Gerome Warburton

Personal information
- Nickname: Bread maker
- Born: 29 June 1995 (age 31) Bodelwyddan, Denbighshire, Wales
- Weight: Middleweight

Boxing career
- Stance: Southpaw

Boxing record
- Total fights: 22
- Wins: 18
- Win by KO: 2
- Losses: 2
- Draws: 2

= Gerome Warburton =

Welsh boxer (born 1995)

Gerome Warburton (born 29 June 1995) is a Welsh professional boxer. He has held the WBA Continental middleweight title since March 2026. Warburton is also a former Welsh middleweight champion and has challenged for the British and Commonwealth titles in the same weight division.

==Career==
A professional since 2019, Warburton won the vacant Welsh middleweight title with a 97–94 points win over Morgan Jones at LC2 in Swansea on 28 May 2022.

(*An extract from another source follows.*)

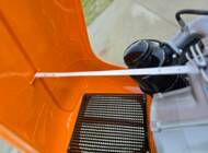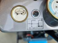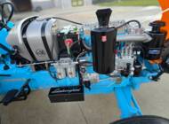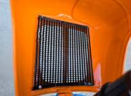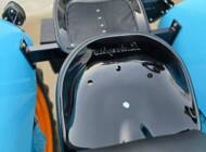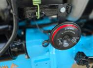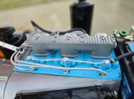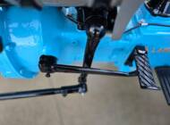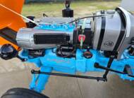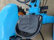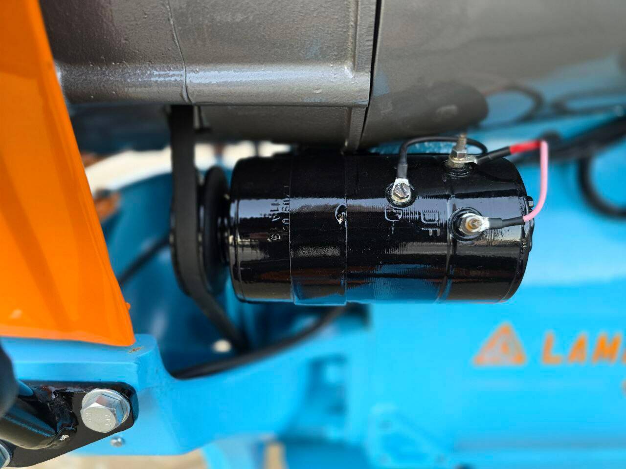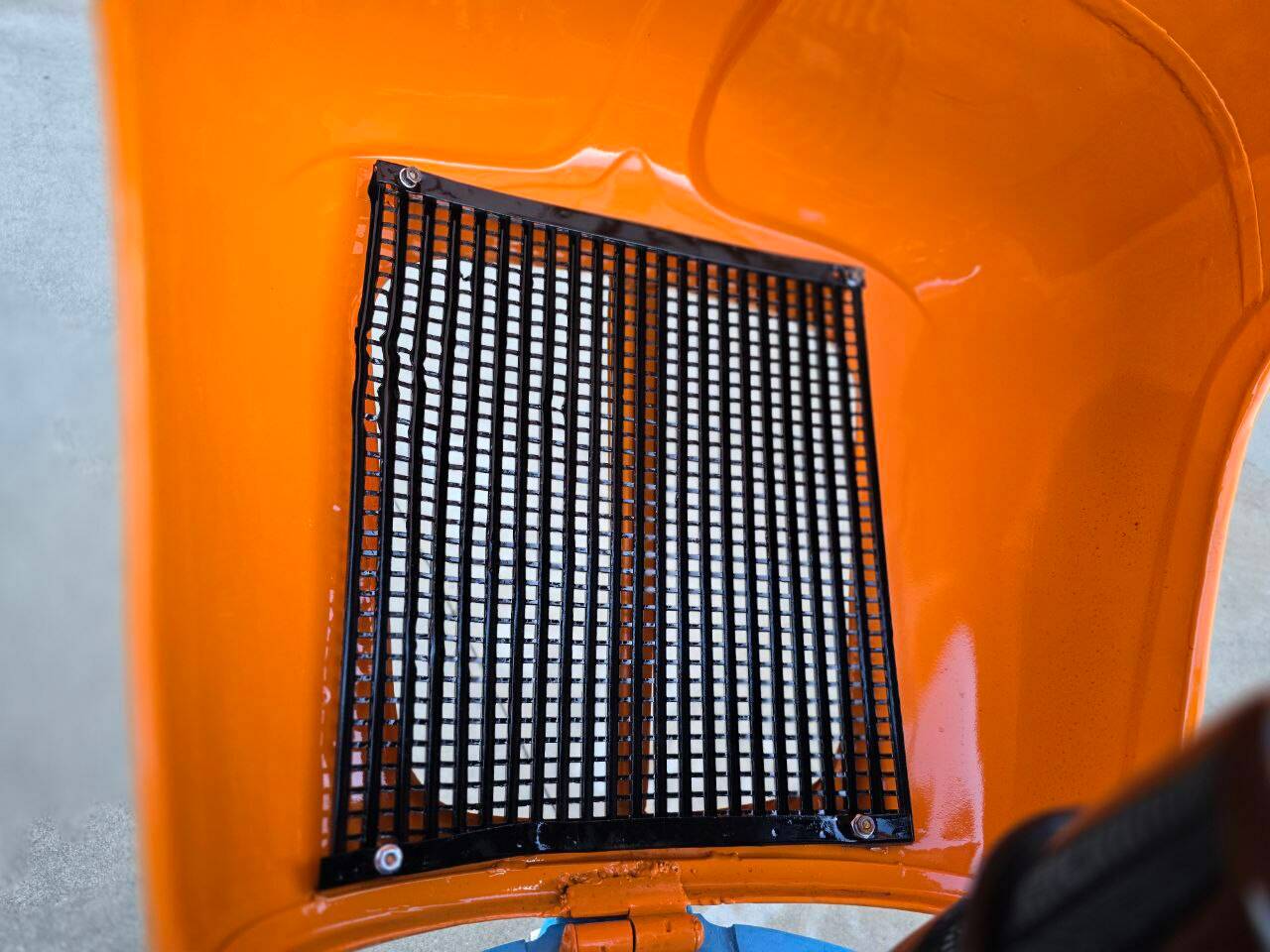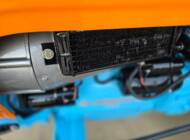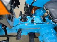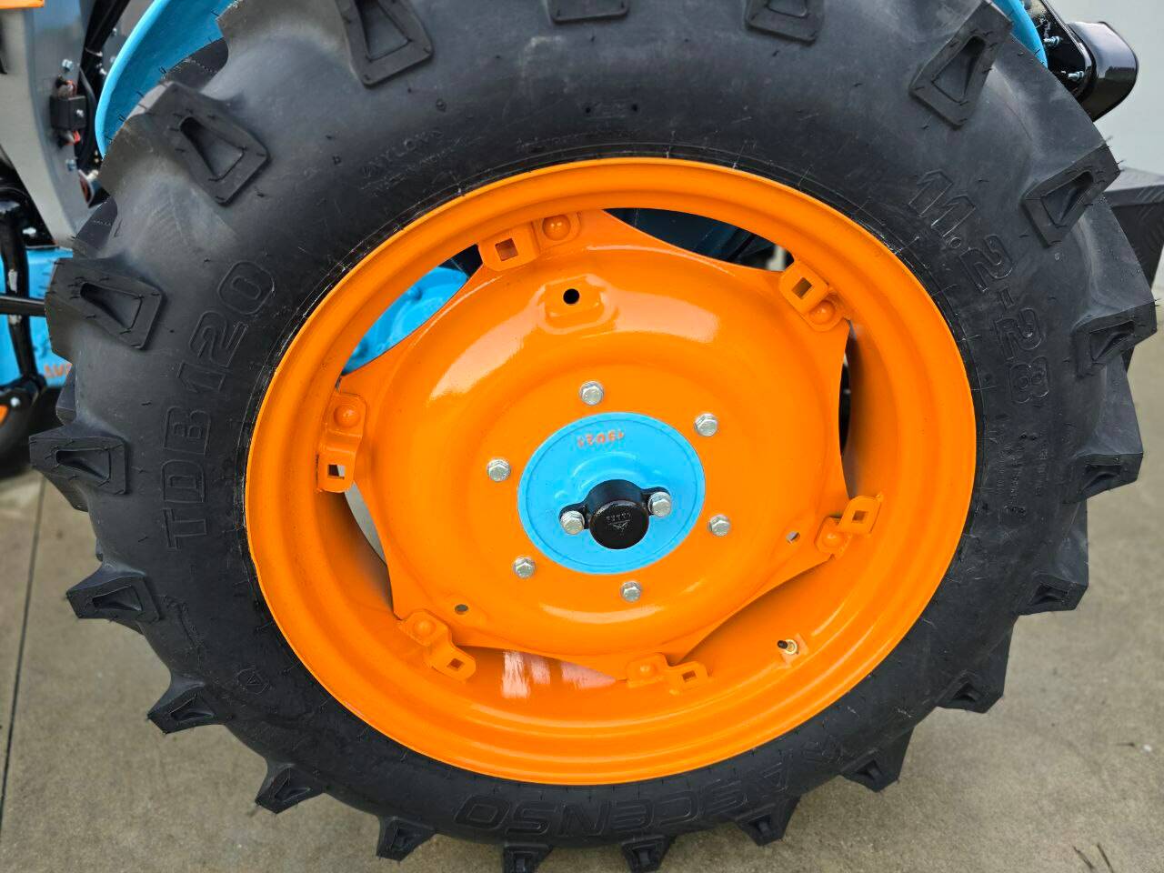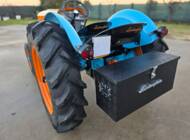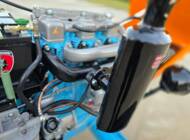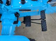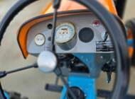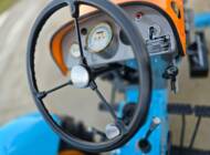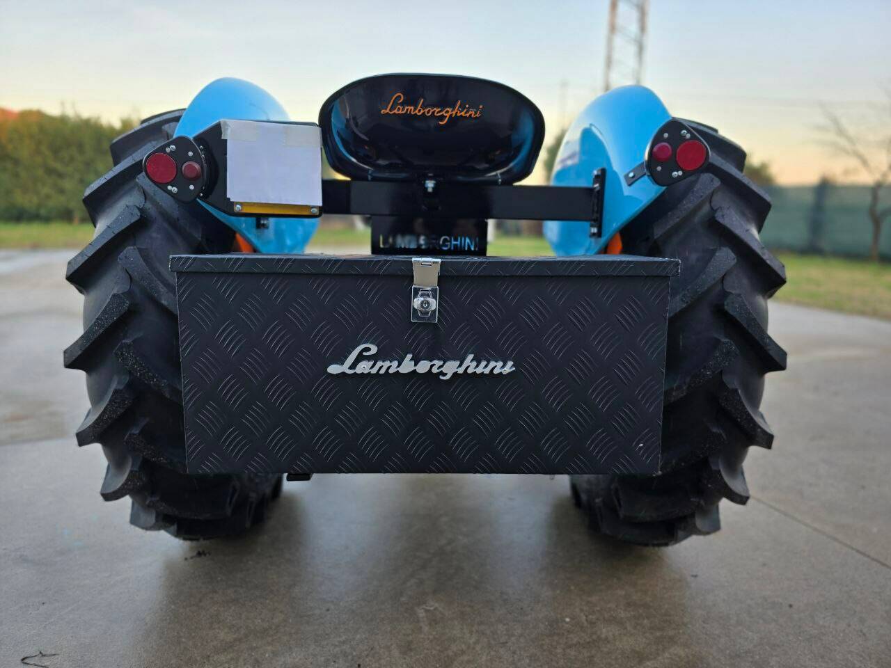 Der Lamborghini 3352 R Double Seat zeigt sich in einer sorgfältigen, 2025 bei „Lamborghini Tractor Italia“ abgeschlossenen Restaurierung. Der Traktor trägt die charakteristische Zweifarblackierung – ein leuchtendes Orange für den Motorhaubenbereich und die Felgen, ergänzt durch blau lackierte Kotflügel, Rahmen und Radnaben. Die originale 3352er-Decalcomanie sowie das Emblem auf der Motorhaube unterstreichen die Authentizität. Die Stahlfelgen mit orangefarbener Lackierung und blauen Naben tragen standesgemäße Agrarbereifung (vorne 5.50-16, hinten 11.2-28). Zu den Details zählen Frontscheinwerfer mit Schutzgittern, Heckleuchten, halb abgedeckte hintere Kotflügel, sowie der aluminiumfarbene, lackierte Werkzeugkasten mit Lamborghini-Logo.
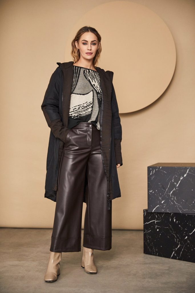 RICH COAT ; NAYA renowned for their coat offering have introduced a beautiful mid length coat that is considerately layered with a lavish print trim. It also feature a soft hood, chunky zip closure, and side pockets. #NAYA #NAYASTOCKIST #NAYAIRELAND #NAYAUK #IRISHDESIGN

Almost exactly three years later on 17 May 2025, he challenged Commonwealth middleweight champion Kieron Conway at the Copper Box Arena in London, with the vacant British middleweight title also on the line. Warburton lost by stoppage in the fourth round.

Warburton was scheduled to face Nathan Heaney at Co-op Live Arena in Manchester on 24 January 2026. However, the fight was postponed when headliner, Moses Itauma, suffered an injury less than two weeks before the event, with the entire card being put back to take place at the same venue on 28 March 2026. When the bout eventually took place, Warburton won via unanimous decision claiming the vacant WBA Continental middleweight title in the process.

A rematch between Warburton and Heaney took place at bp pulse LIVE in Birmingham on 26 September 2026. Once again Warburton won by unanimous decision.